# Jarque-Bera goodness of fit test#

Suppose we wish to infer from measurements whether the weights of adult human
males in a medical study are not normally distributed [1]. The weights (lbs)
are recorded in the array `x`

below.

```
import numpy as np
x = np.array([148, 154, 158, 160, 161, 162, 166, 170, 182, 195, 236])
```

The Jarque-Bera test `scipy.stats.jarque_bera`

begins by computing a
statistic based on the sample skewness and kurtosis.

```
from scipy import stats
res = stats.jarque_bera(x)
res.statistic
```

```
np.float64(6.982848237344646)
```

Because the normal distribution has zero skewness and zero (“excess” or “Fisher”) kurtosis, the value of this statistic tends to be low for samples drawn from a normal distribution.

The test is performed by comparing the observed value of the statistic against the null distribution: the distribution of statistic values derived under the null hypothesis that the weights were drawn from a normal distribution.

For the Jarque-Bera test, the null distribution for very large samples is the
`chi-squared distribution`

with two degrees of freedom.

```
import matplotlib.pyplot as plt
dist = stats.chi2(df=2)
jb_val = np.linspace(0, 11, 100)
pdf = dist.pdf(jb_val)
fig, ax = plt.subplots(figsize=(8, 5))
def jb_plot(ax): # we'll reuse this
ax.plot(jb_val, pdf)
ax.set_title("Jarque-Bera Null Distribution")
ax.set_xlabel("statistic")
ax.set_ylabel("probability density")
jb_plot(ax)
plt.show();
```

The comparison is quantified by the p-value: the proportion of values in the null distribution greater than or equal to the observed value of the statistic.

```
fig, ax = plt.subplots(figsize=(8, 5))
jb_plot(ax)
pvalue = dist.sf(res.statistic)
annotation = (f'p-value={pvalue:.6f}\n(shaded area)')
props = dict(facecolor='black', width=1, headwidth=5, headlength=8)
_ = ax.annotate(annotation, (7.5, 0.01), (8, 0.05), arrowprops=props)
i = jb_val >= res.statistic # indices of more extreme statistic values
ax.fill_between(jb_val[i], y1=0, y2=pdf[i])
ax.set_xlim(0, 11)
ax.set_ylim(0, 0.3)
plt.show()
```

```
res.pvalue
```

```
np.float64(0.03045746622458189)
```

If the p-value is “small” - that is, if there is a low probability of sampling data from a normally distributed population that produces such an extreme value of the statistic - this may be taken as evidence against the null hypothesis in favor of the alternative: the weights were not drawn from a normal distribution. Note that:

The inverse is not true; that is, the test is not used to provide evidence for the null hypothesis.

The threshold for values that will be considered “small” is a choice that should be made before the data is analyzed [2] with consideration of the risks of both false positives (incorrectly rejecting the null hypothesis) and false negatives (failure to reject a false null hypothesis).

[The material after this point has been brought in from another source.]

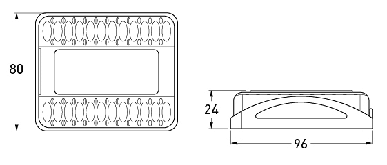 80mm wide X 96mm high LED Stop / Rear Position / Rear Direction Indicator Lamp. Installation via mounting bracket and clicking in the lamp.
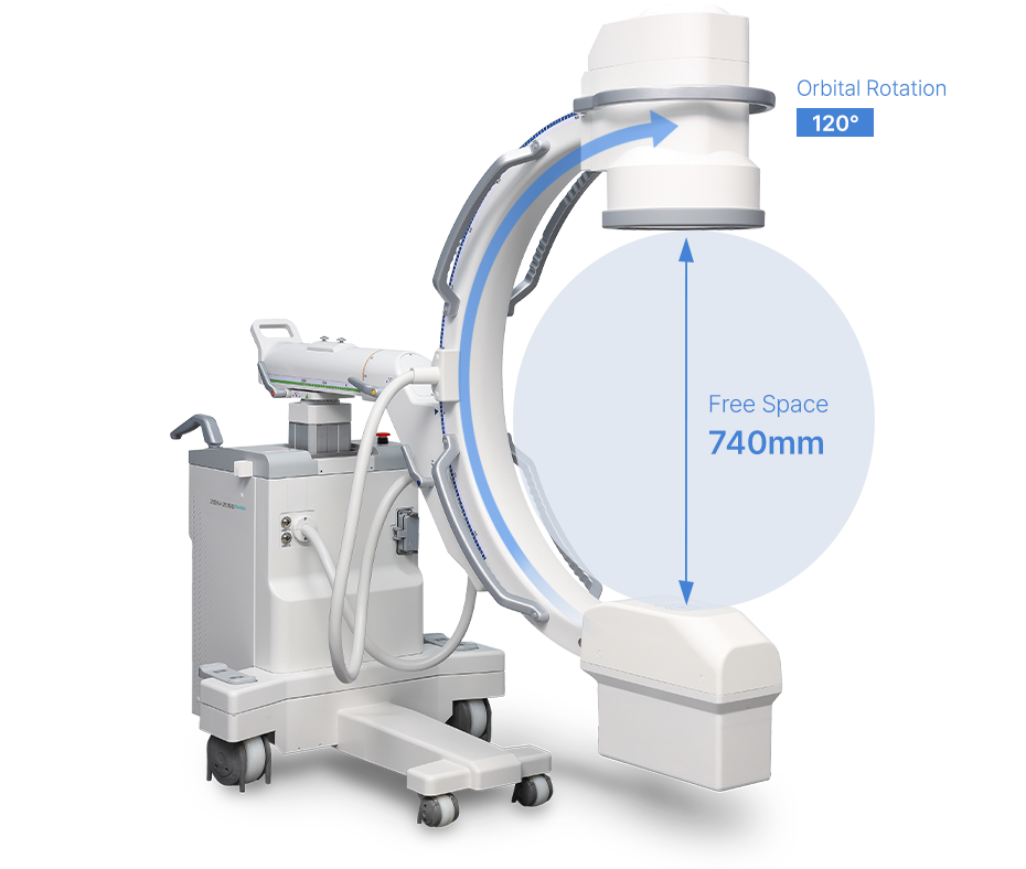 Wide Free Space(740mm) and Orbital Rotation(120˚) provides comfortable and safe operating environment.

Note that the chi-squared distribution provides an asymptotic approximation
of the null distribution; it is only accurate for samples with many
observations. For small samples like ours, `scipy.stats.monte_carlo_test`

may provide a more accurate, albeit stochastic, approximation of the
exact p-value.

```
def statistic(x, axis):
# underlying calculation of the Jarque Bera statistic
s = stats.skew(x, axis=axis)
k = stats.kurtosis(x, axis=axis)
return x.shape[axis]/6 * (s**2 + k**2/4)
res = stats.monte_carlo_test(x, stats.norm.rvs, statistic,
alternative='greater')
fig, ax = plt.subplots(figsize=(8, 5))
jb_plot(ax)
ax.hist(res.null_distribution, np.linspace(0, 10, 50),
density=True)
ax.legend(['aymptotic approximation (many observations)',
'Monte Carlo approximation (11 observations)'])
plt.show()
```

```
res.pvalue
```

```
np.float64(0.0072)
```

Furthermore, despite their stochastic nature, p-values computed in this way can be used to exactly control the rate of false rejections of the null hypothesis [3].